I had the opportunity to drive the Prius Prime Technology. Toyota also offers the Prius Prime.

The first thing you notice when you step into this car is the enormous 11.6-inch display screen. (The screen is seven inches on the Prius Prime). You can’t miss it. But even at that size, the screen looks like it is just another part of the car, which says a lot about how Toyota designed this vehicle.

Inside, the Prime Technology features integrated satellite radio, 10 speakers, advanced voice recognition and numerous other features. But the star of the show is the screen.

It shows you exactly how the car is performing, where the energy is being produced and how well you are driving.

Our first short trip featured a drive with just the electric motor working to power the car.

It had great response time when you hit the accelerator and never missed a beat keeping up with traffic. Because of the silence due to the electric motor, the cabin can be noisy particularly from the tires.

After using the battery, a longer trip allowed my co-driver and I the chance to see how the gas motor worked.

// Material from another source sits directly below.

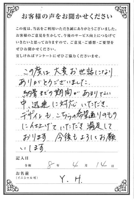 このたびは心温まるおハガキをいただき、誠にありがとうございました。 身近に頼れる方がいらっしゃらずご不安も多かったことと思いますが、 少しでもお力になれたことを大変光栄に感じております。 「本当に助かった」「皆様やさしい方ばかり」とのお言葉を頂戴し、 スタッフ一同も大きな励みになります。 今後とも、安心してお任せいただける存在であり続けられるよう努めてまいります。 この度は当店へご依頼いただきまして、誠にありがとうございました。

Needless to say, the car performed admirably. At one point, the screen informed us we were getting 199 mpg (1.4L/100 km).

The Prius handled all the curves going up and down the hills surrounding Los Angeles.

It even kept up with a Mustang GT convertible, the driver and passenger each taking selfies as we waited for some construction.

Only in California.

The Prius comes loaded with a number of standard features including back-up camera, heated leather-wrapped steering wheel, lane departure alert, automatic high beams and dynamic radar cruise control which, when on, keeps a safe distance between you and the car in front of you.

The Prime Technology model adds a few more standard features such as a heads-up display, blind spot monitoring and rain-sensing wipers.

Outside the Prime sits lower than its predecessor, features LED Quad headlamps, a new stylish front grille and a carbon fibre liftgate.

This is one classy looking hybrid.

Charging time is about five hours on a standard outlet (120 volts), two hours with a 240volt outlet.

If our short drive is any indication, Toyota has a winner with its redesigned Prius.